The second explanation is that a shared pool of resource exists for faces and that the proportion of resource allocated to each face is influenced by the displayed facial expressions with the allocation being biased by attention. Threat-related stimuli, including angry and fearful faces, are known to be attentionally prioritized (Eimer & Kiss, 2007; Mogg & Bradley, 1999). This attentional priority during early perceptual processes can exert facilitation at encoding, as stimuli that receive a greater portion of attentional resource are encoded with higher precision (Bays & Husain, 2008). Faces with negative expressions are prioritized in the distribution of attentional resource and thus would be encoded into VWM with higher accuracy. This being the case, VWM performance should be impaired for faces with non-negative expressions when they coincide with an angry or a fearful face as only low priority would be given to them.

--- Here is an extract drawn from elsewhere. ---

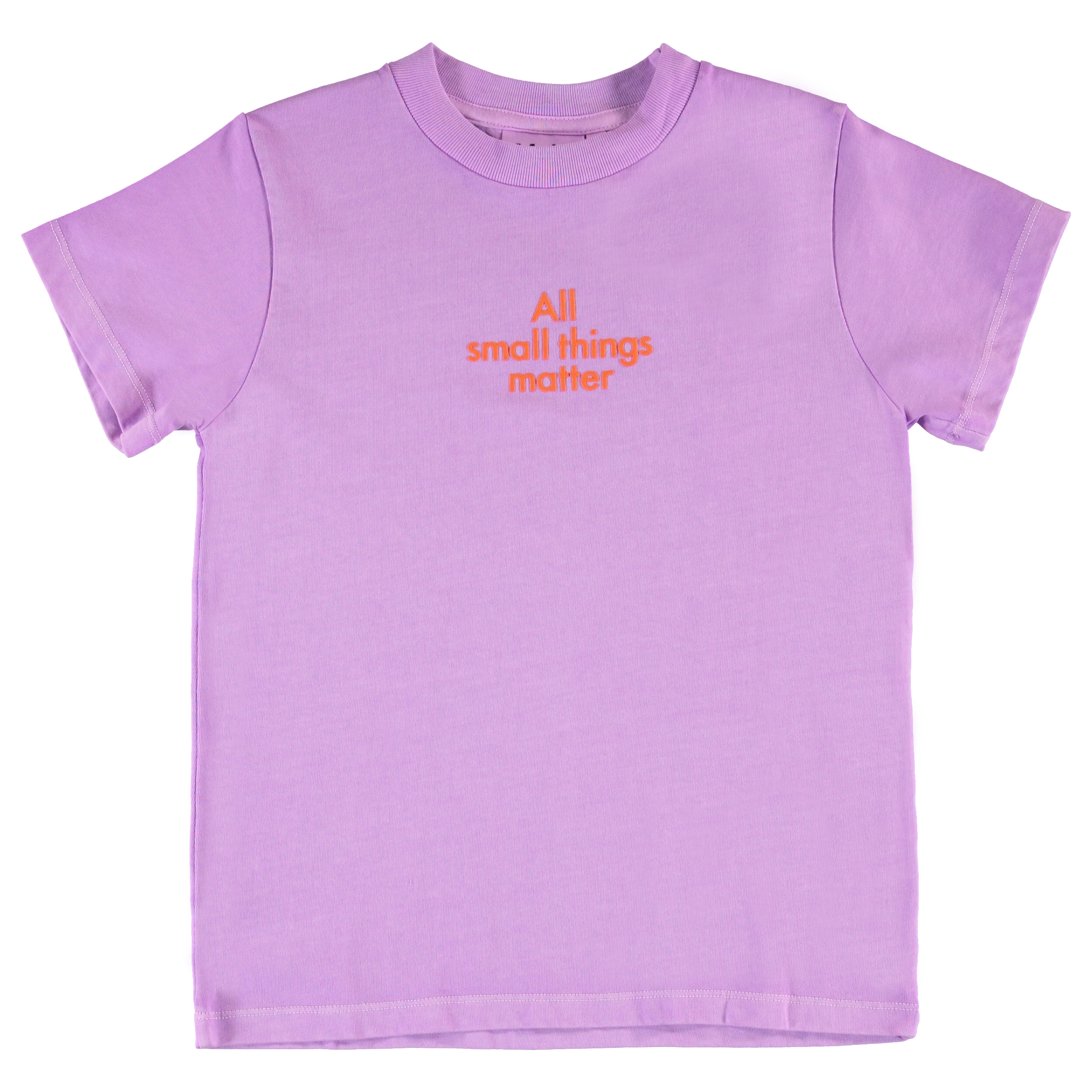 Reeve is een paars t-shirt met de tekst ‘All small things matter’ op de voorkant.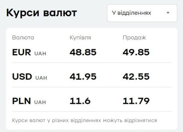Продать американскую валюту в банке можно по курсу 41,85 гривни, а евро — по курсу 48,85 гривни за единицу иностранной валюты.

Previous research has limitations in testing whether the enhanced VWM performance for negative faces is due to having a separable memory store or facilitation occurring during perceptual encoding. Including Jackson et al.’s (2009) study, in which the set size was manipulated to calculate the estimated capacities for emotional and neutral faces, studies often presented a number of faces with an identical emotional expression during encoding but did not present emotional and neutral faces together within a single display (Jackson et al., 2014; Sessa et al., 2011). The logic behind presenting an emotionally homogeneous display was to prevent memory impairment for neutral faces resulting from attentionally prioritizing emotional faces. However, to examine if the allocation of attentional resource is affected by the displayed facial expressions and if this differential allocation leads to different patterns of VWM performance across facial expressions, it is necessary to have an additional encoding display in which the expressions are heterogeneous. By comparing VWM performance for faces encoded in emotionally homogeneous and heterogeneous displays, it is possible to observe how memory for faces with a particular facial expression may change depending on the coinciding expressions and their allotted attentional resource. If the distribution of attentional resource plays a critical role in VWM enhancement, the asymmetric allocation of limited resource would result in a memory trade-off between items that are prioritized and those that are not when the displayed items are heterogeneous rather than homogeneous (Jiang, Remington, Asaad, Lee, & Mikkalson, 2016). On this basis, if negative expressions receive a greater portion of attentional resource during perceptual encoding, only memory for faces with negative expressions would increase when they are presented with neutral faces compared to when they are presented with other negative faces. Memory for neutral faces, in contrast, would decrease when they are presented with negative faces compared with when presented with other neutral faces, as limited resource is biased towards negative expressions.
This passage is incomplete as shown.